▶ _WHAT THE EXERCISE ASKS_
Strip out all images, then restate the data verbatim.

▶ _SOURCE MATERIAL_
·····

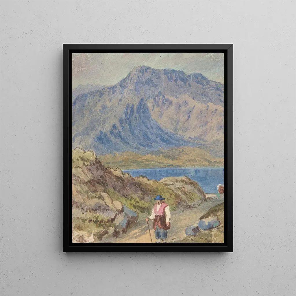 Vuoristomaisema vaeltajan kanssa - John Leech
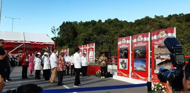 Saat peresmian, Jokowi langsung menuju jembatan untuk menekan tombol peresmian jembatan sekaligus penandatanganan prasasti.
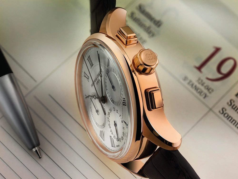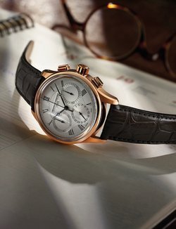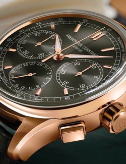 Frederique Constant presents an authentic feat with its new Flyback Chronograph Manufacture, retailing for under 4,000 euros. At its heart beats Caliber FC-760, entirely developed and created in-house. Thanks to its flyback function, this chronograph can measure a succession of events, such as during a race, without needing to be reset to zero every time. It is also equipped with a “Direct In-Line” function enabling instantaneous activation of the flyback function, with zero-resetting and launch of a new measurement simply by pressing a pusher at 4 o’clock. Contrary to classic constructions, the chronograph functions are distributed not by a column wheel, but instead by a star-shaped wheel driven by a pusher, thus ensuring particularly smooth operation. Another innovation is a clutch powered by a device based on two toothed pinions. A vivid example of rewriting the rule book on one of the most demanding mechanical complications.

·····

▶ _YOUR SOLUTION_
 Vuoristomaisema vaeltajan kanssa - John Leech
 Saat peresmian, Jokowi langsung menuju jembatan untuk menekan tombol peresmian jembatan sekaligus penandatanganan prasasti.
 Frederique Constant presents an authentic feat with its new Flyback Chronograph Manufacture, retailing for under 4,000 euros. At its heart beats Caliber FC-760, entirely developed and created in-house. Thanks to its flyback function, this chronograph can measure a succession of events, such as during a race, without needing to be reset to zero every time. It is also equipped with a “Direct In-Line” function enabling instantaneous activation of the flyback function, with zero-resetting and launch of a new measurement simply by pressing a pusher at 4 o’clock. Contrary to classic constructions, the chronograph functions are distributed not by a column wheel, but instead by a star-shaped wheel driven by a pusher, thus ensuring particularly smooth operation. Another innovation is a clutch powered by a device based on two toothed pinions. A vivid example of rewriting the rule book on one of the most demanding mechanical complications.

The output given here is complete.